The initiative aims to promote the homegrown production of clean gases as the EU looks to become climate-neutral by 2050.
There are hopes that companies such as Air Liquide of France and Bosch of Germany will become involved.
The hydrogen alliance is intended to be modelled on the European Battery Alliance, which includes more than 200 firms, national governments and research bodies focussing on battery technology.
The initiative received €3.2 billion of state aid in December.
Hydrogen presents an alternative means to store surplus renewable energy.
European single-market commissioner Thierry Breton said hydrogen was potentially a crucial energy source for aviation and transport that emit large quantities of carbon each year.
Breton said hydrogen would become “strategically important for energy independence and the future of Europe”.
“Our job is to establish a vision,” the French commissioner said. “We need to provide a strategy because we need to give visibility for investment long term.
“Managing the green and digital transitions and avoiding external dependencies in a new geopolitical context requires radical change – and it needs to start now.”
The alliance plans to begin operations later this year, according to a Brussels representative.
Hydrogen is seen as a possible means to cut emissions from polluting industries producing steel, cement and chemicals.
Hydrogen can produce the temperatures above 1,000°C needed in industries like cement manufacture, steelmaking and oil refining.
More than two-thirds of the 70 million tonnes of hydrogen produced annually comes from natural gas.
The process creates approximately 830 million tonnes of carbon pollution annually, more than the combined emissions of the UK and Indonesia, the International Energy Agency reported.
Germany in February released a draft hydrogen strategy covering transport and storage with more details due to be released on March 18.

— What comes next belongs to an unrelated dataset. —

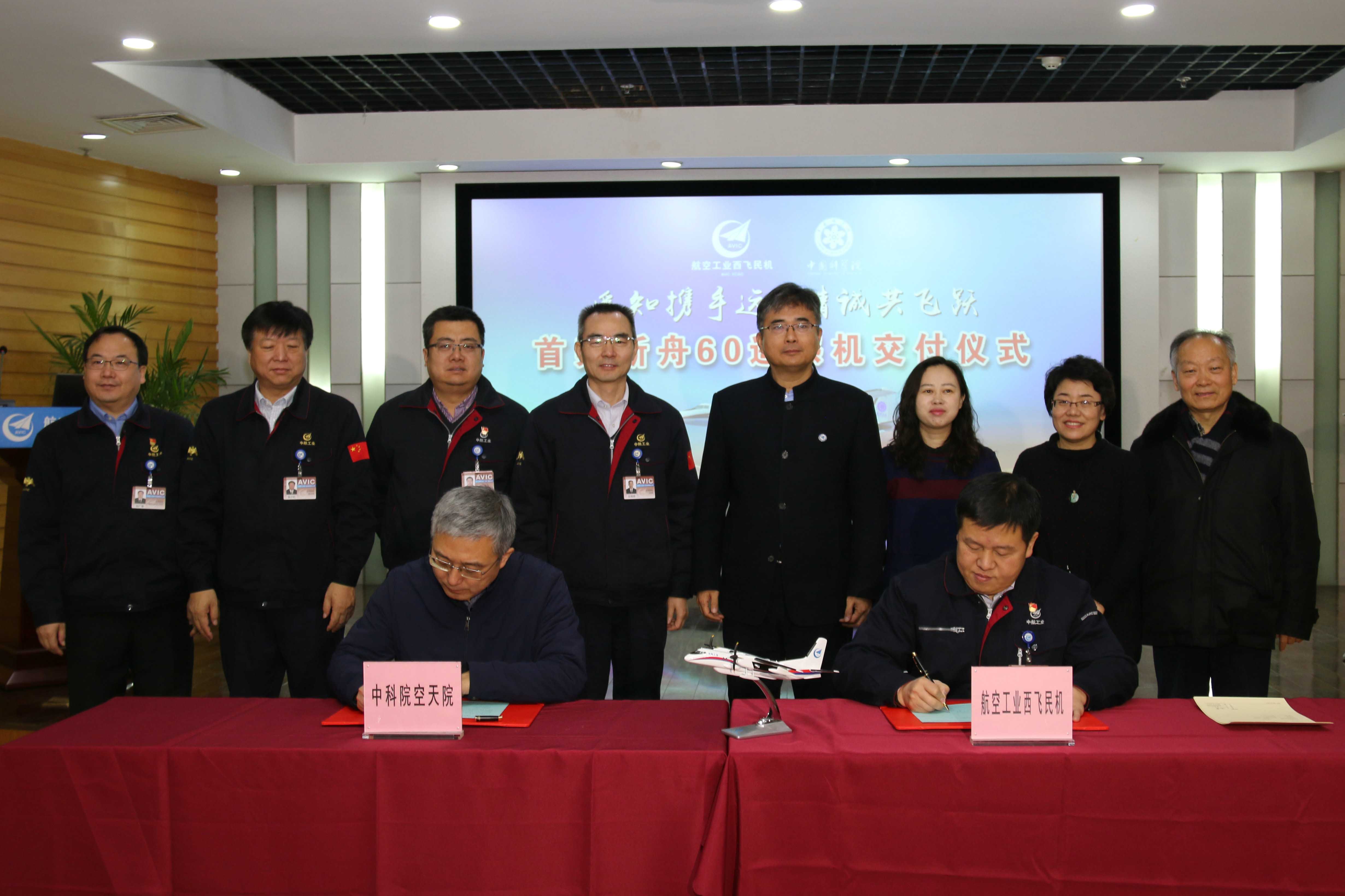 2018年12月29日,中国科学院空天信息研究院(以下简称“空天院”)与中航西飞民用飞机有限责任公司(以下简称“西飞民机”)在阎良举行了航空遥感系统首架新舟60遥感机交付仪式。空天院院长吴一戎、副院长丁赤飚及部分研制人员代表参加了交付仪式。西飞民机副总工程师吕景全主持仪式。

The CEO of the WindEurope lobby group, Giles Dickson, said: “It is good the commission has acknowledged the strategic role of renewables for the EU economy.
“Now is the time to take concrete measures. If the European Green Deal is to deliver climate neutrality by 2050, the EU needs to accelerate the deployment of wind energy.
“The commission sees wind being half of Europe’s electricity by 2050. And it’ll be a big part of the renewable hydrogen the EU wants more of.”